08/02/2026
🚨 EXTREME Kyphoscoliosis Case | Adult Post-Tumor Deformity 🦴🧠🔥
(33-year-old patient)
Some spine deformity cases are beyond “difficult” — they are truly once-in-a-career challenges.
This patient had a history of infantile spinal tumor (ganglioneuroblastoma) and multiple prior spine surgeries with instrumentation. Years later, he developed a massive progressive deformity with neurological decline and respiratory compromise.
📌 Pre-op deformity:
➡️ Thoracic scoliosis: 125°
➡️ Lumbar scoliosis: 80°
➡️ Thoracic kyphosis: 150°
➡️ Spinal cord myelomalacia
➡️ Progressive spastic paraparesis + neurogenic bladder
➡️ Walking only with crutches
🛠️ Treatment plan: staged surgery (2 steps)
🔹 Stage 1:
✔️ removal of old implants
✔️ posterior release T2–L3
✔️ pedicle screws + internal distraction
🔹 Stage 2:
✔️ multiple PCO osteotomies
✔️ VCR at T6–T7
✔️ anterior fusion T5–T8
✔️ all done via posterior-only approach
✔️ continuous neuromonitoring (IONM)
⚠️ Intraoperative challenge
During expandable cage placement at T6–T7 we observed a major neuromonitoring signal drop, partially recovering after immediate corrective measures.
📉 Neurology outcome
Unfortunately, postop neurological status worsened:
➡️ ASIA D → ASIA B (motor loss, preserved sensation)

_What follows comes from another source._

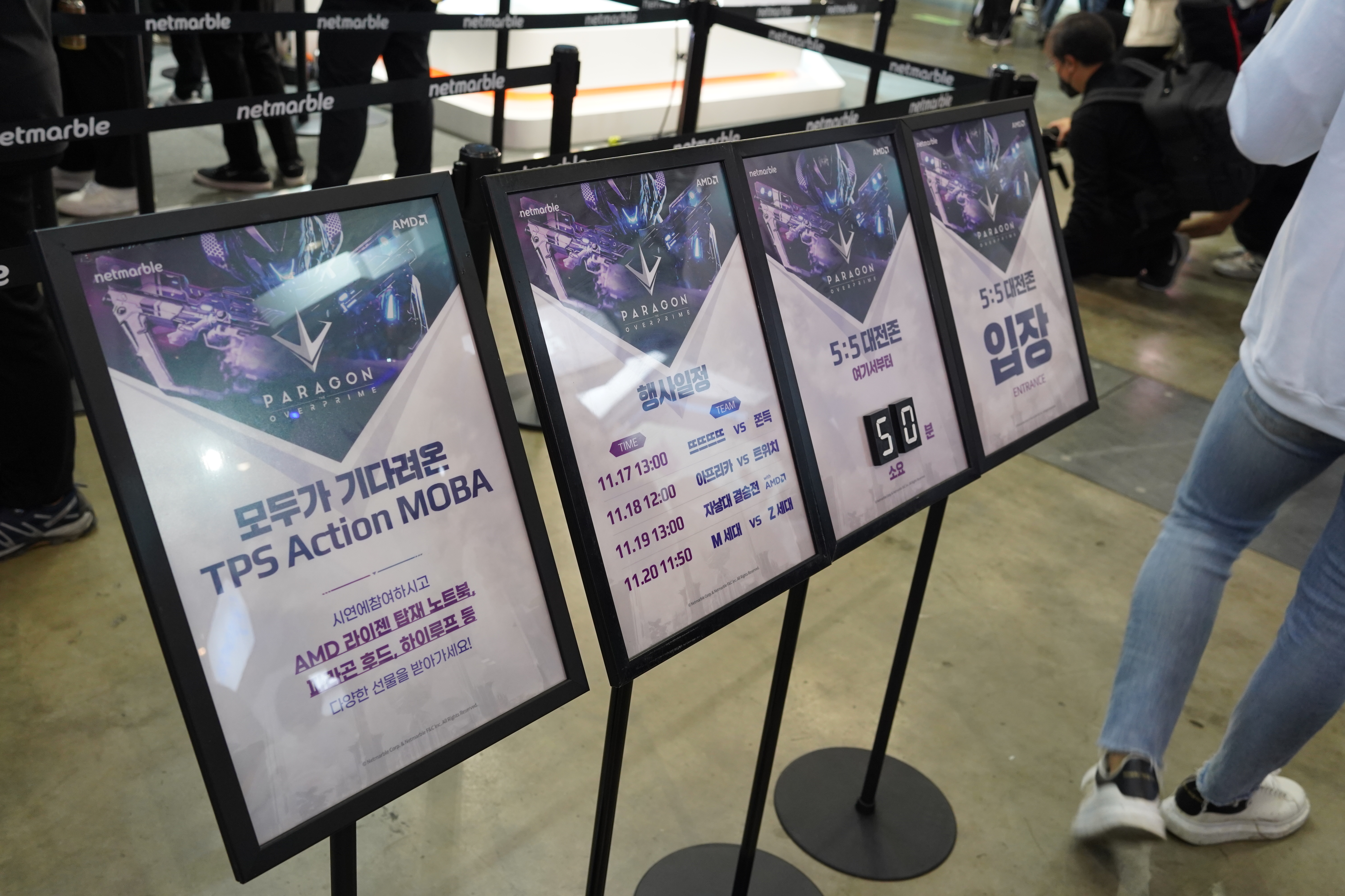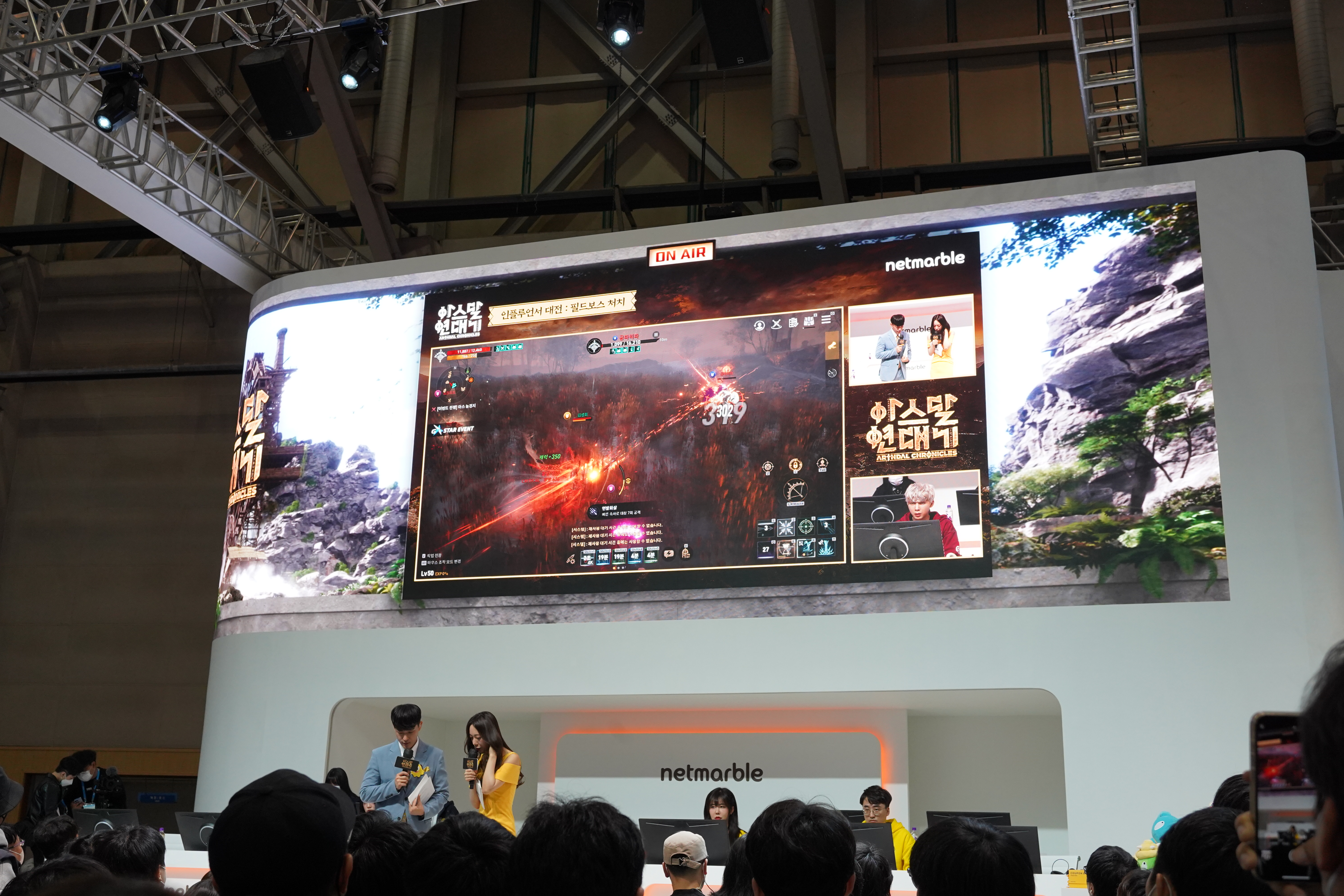 멀리서도 한눈에 확인할 수 있었던 넷마블 부스! 출시를 앞두고 있는 아스달연대기, 나 혼자만 레벨업, 파라곤, 하이퍼 스퀘드를 필두로 한 부스 구성이 인상적이었습니다. 부스를 가득 메우고 있는 인원들은 넷마블 부스에 대한 기대감이 얼마나 높은지 여실히 느껴질 정도이기도 하고 말이죠.

But with intensive rehab, recovery started.
📈 After 2 months of rehabilitation:
➡️ improved to ASIA C
➡️ regained ability to stand and walk with assistance
📏 Radiographic correction & height gain
✅ Kyphosis: 150° → 100°
✅ Scoliosis: 80° → 25°
✅ +13 cm height
✅ improved respiratory & cardiovascular function
✅ fusion achieved, no implant complications
💡 Message
Even in extreme post-tumor deformities, staged correction can offer real functional improvement — but the neurological risk is always present. Neuromonitoring + planning + rehab are crucial.